David Perron's contract could help determine Devin Setoguchi's value

First off, let me start with an apology. We've been a little slow with new content around here lately, but that hasn't been completely our fault.

One, absolutely nothing Sharks related is happening. I don't know how many Bieksa and Kaberle rumors you want, but that's what we've got. Two, I've been spending every waking moment studying for my LEED exam (which I thankfully just passed). It's made for a perfect storm of Sharklessness. 

Even though not much is going on in San Jose right now, a recent contract signed by another young RFA forward may shed some light on the contract negotiations currently underway with Devin Setoguchi. Although not much has been said about the talks (that have drawn out far longer than any of us expected), it's pretty apparent that both sides want resolution.

Via Sharkspage.com:

"We are hopeful that we will be able to work something out with the San Jose Sharks,"

-Setoguchi's agent Paul Krepelka.

Don't read too much into this comment. If anything, it's stock verbiage. I'm confident that something is going to get done between the two parties. However, it may not be for as much as originally expected.

A few months ago, I wrote a piece in the hopes of establishing Setoguchi's market value. I pegged the number at $3.6MM annually over four years, and most agreed with me at that point. As the offseason has progressed, we've come down from that number, settling in at around $3.2MM. We've never dipped below $3MM, and I would have called you crazy if you suggested it. However, David Perron's contract changes things a bit.


David Perron

#57 / Left Wing / St. Louis Blues

6-0

180

May 28, 1988


Now, I realize my track record hasn't been great when talking about contract comparables (Remember Marleau and Savard?). However, this one is a bit more realistic. Both Setoguchi and Perron are (Perron was) RFA's. They're both former first round picks. They're both young with high ceilings. Most importantly, though, they've both had similar production over the last few years.

I wanted to lay the stats out in a table, but for some reason it's not working. Just know this: Over the past two seasons, Perron has tallied 97 points, while Setoguchi has tallied 101.

According to capgeek.com (really, what isn't), Perron's new contract will pay him $4.3MM over the next two years. That's a cap hit of just $2.15MM a year, almost $1.5MM below where we originally pegged Setoguchi. Are 4 more points over two years worth that much?

I understand that Setoguchi was hurt for 12 games this year and that it affected his play even when he was back in the lineup. I even came to his defense when some suggested trading him at the deadline. However, the fact remains that the players are very similar, and Perron signed at a bargain for his team.

Setoguchi does have a few things working for him, though, including his 31 goal campaign in 2008-2009. That, and the fact that he has scored .67 points per game over the last few years, opposed to just .59 for Perron. In addition, Setoguchi showed up in the first round of the playoffs this year, something that netted Pavelski a few more dollars than most expected.

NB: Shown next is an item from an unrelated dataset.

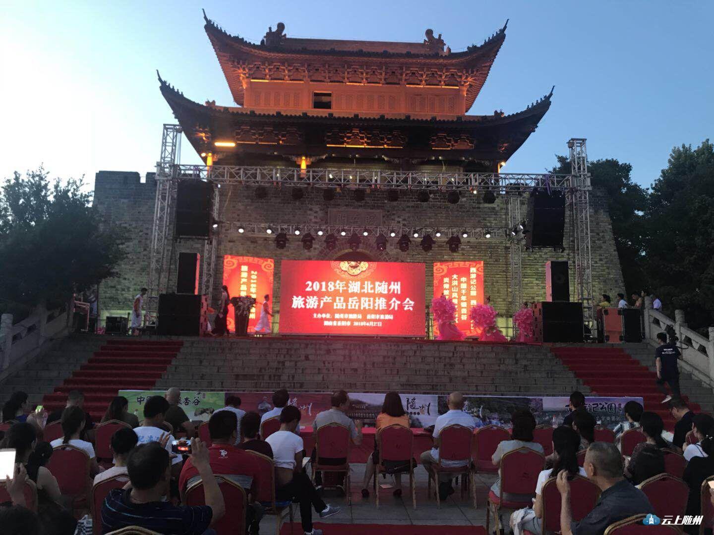 6月27日晚上,市旅游局组织炎帝故里、大洪山、西游记公园、西游记漂流、中国千年银杏谷等景区在湖南岳阳市岳阳楼前巴陵广场举办了随州岳阳推介会,来自岳阳150余家旅行社和20余位媒体记者参加,现场几千市民围观,气氛热烈。这是随州旅游首次在湖南在岳阳的惊艳亮相,也是继去年的河南南阳推介会后再次出省推介;这是市旅游局着眼于拓展随州旅游中远程客源市场,打造随州作为区域性旅游目的地城市的又一重要推介活动,也是落实市委市政府特色产业增长极建设的具体行动。活动受到了岳阳当地旅游同仁和媒体的高度关注,纷纷表达了对随州旅游产品的浓厚兴趣。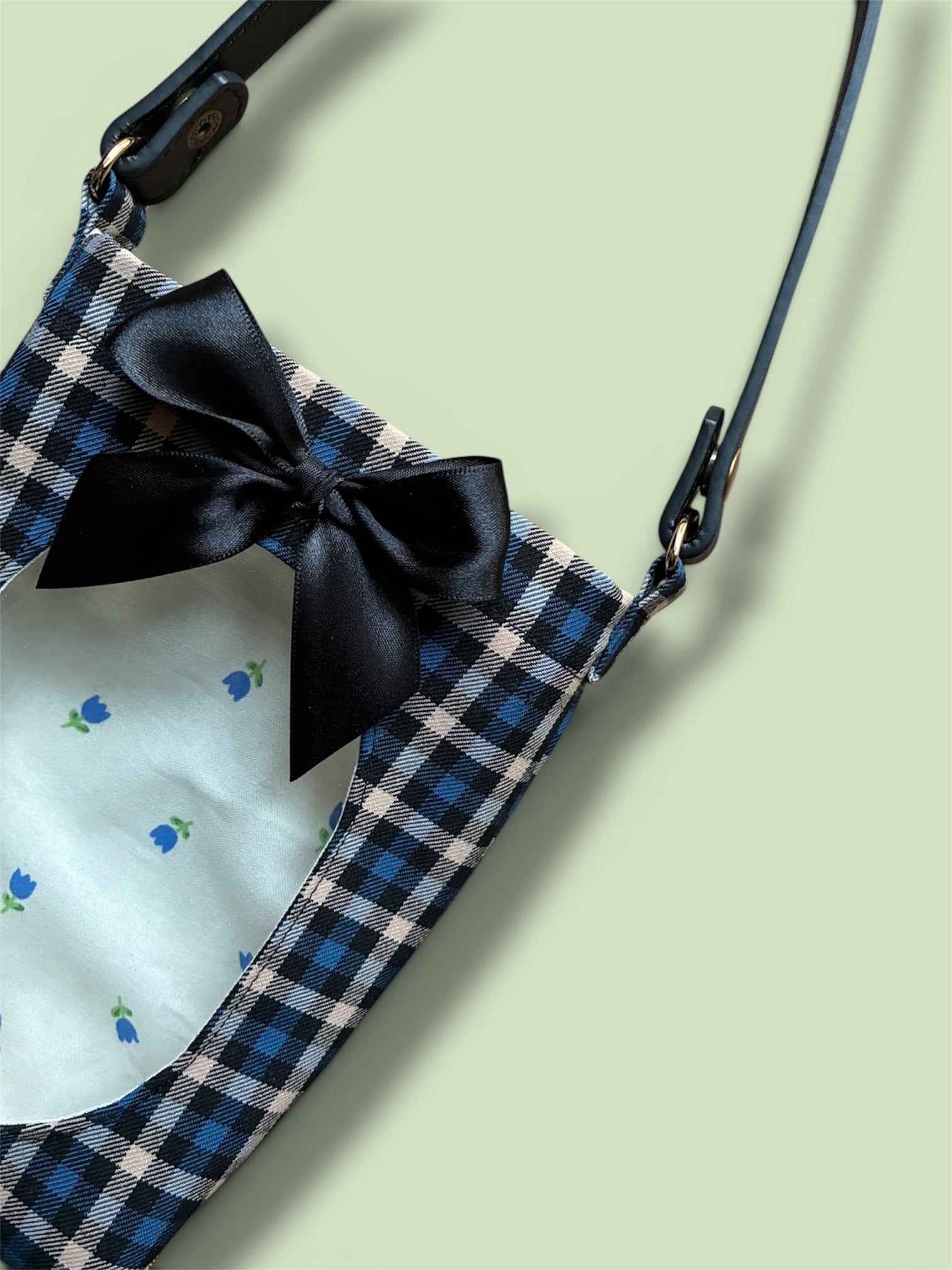 落ち着いたブルーとベージュのチェック地に、窓から覗く裏地のチューリップ柄がアクセント!

Setoguchi will get paid more than Perron, but how much more?

If I'm Doug Wilson, I continue to preach the concept of so called "team conscious" contracts and use this deal for a bit of leverage. If Setoguchi agrees to a term which is a tad longer, you bump up the dollar amount to keep him around. But there's no guarantee that any deal signed by Setoguchi will be in excess of $3MM annually, on average. The savings, whatever they may be, can be used to improve other sections of the team, and perhaps help woo a free agent such as Mike Modano.

What's important to remember, though, is how important Setoguchi is on this team. Loosing his talent offensively would affect the squad immensely, and his potential remains sky high three seasons into his NHL career. I think we all want him signed, and I think it's coming. The only question remaining is the cost.

Go Sharks.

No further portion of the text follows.